Strip the pictures and reproduce the rest of the listing exactly.

» **DATA SHOWN**
^^^^^^^^

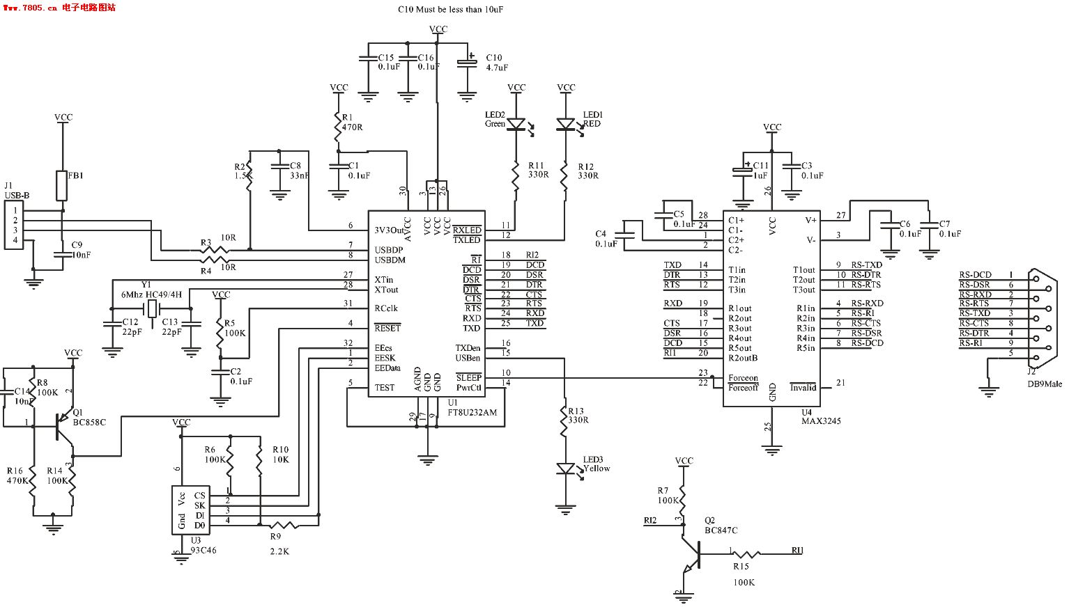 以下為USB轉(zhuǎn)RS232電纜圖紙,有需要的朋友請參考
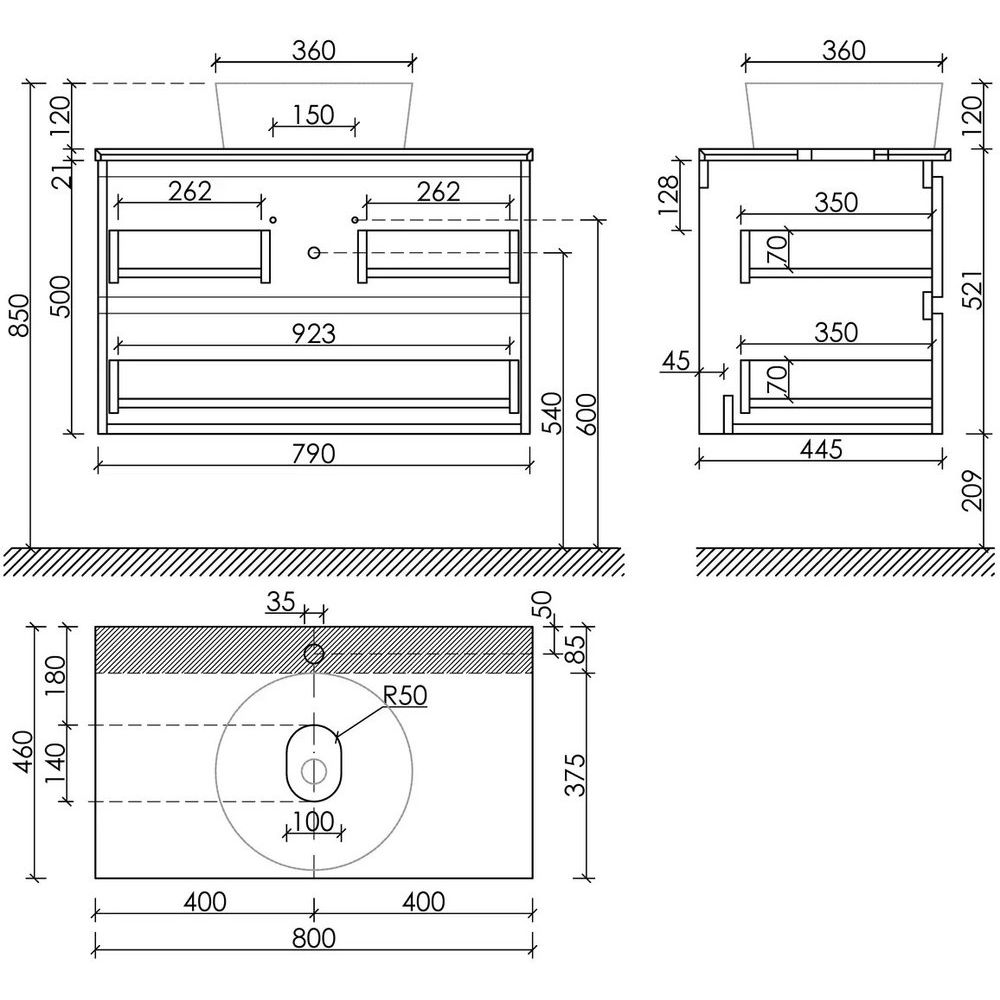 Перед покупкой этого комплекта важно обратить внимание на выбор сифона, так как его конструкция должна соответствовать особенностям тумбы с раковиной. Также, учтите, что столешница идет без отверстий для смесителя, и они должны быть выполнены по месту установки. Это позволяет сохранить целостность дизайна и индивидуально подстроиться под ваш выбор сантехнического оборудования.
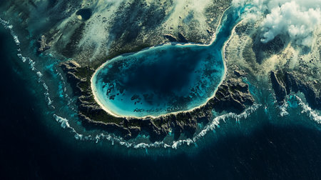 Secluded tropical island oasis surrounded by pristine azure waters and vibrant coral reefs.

^^^^^^^^

» **ANSWER TO THE PROBLEM**
 以下為USB轉(zhuǎn)RS232電纜圖紙,有需要的朋友請參考
 Перед покупкой этого комплекта важно обратить внимание на выбор сифона, так как его конструкция должна соответствовать особенностям тумбы с раковиной. Также, учтите, что столешница идет без отверстий для смесителя, и они должны быть выполнены по месту установки. Это позволяет сохранить целостность дизайна и индивидуально подстроиться под ваш выбор сантехнического оборудования.
 Secluded tropical island oasis surrounded by pristine azure waters and vibrant coral reefs.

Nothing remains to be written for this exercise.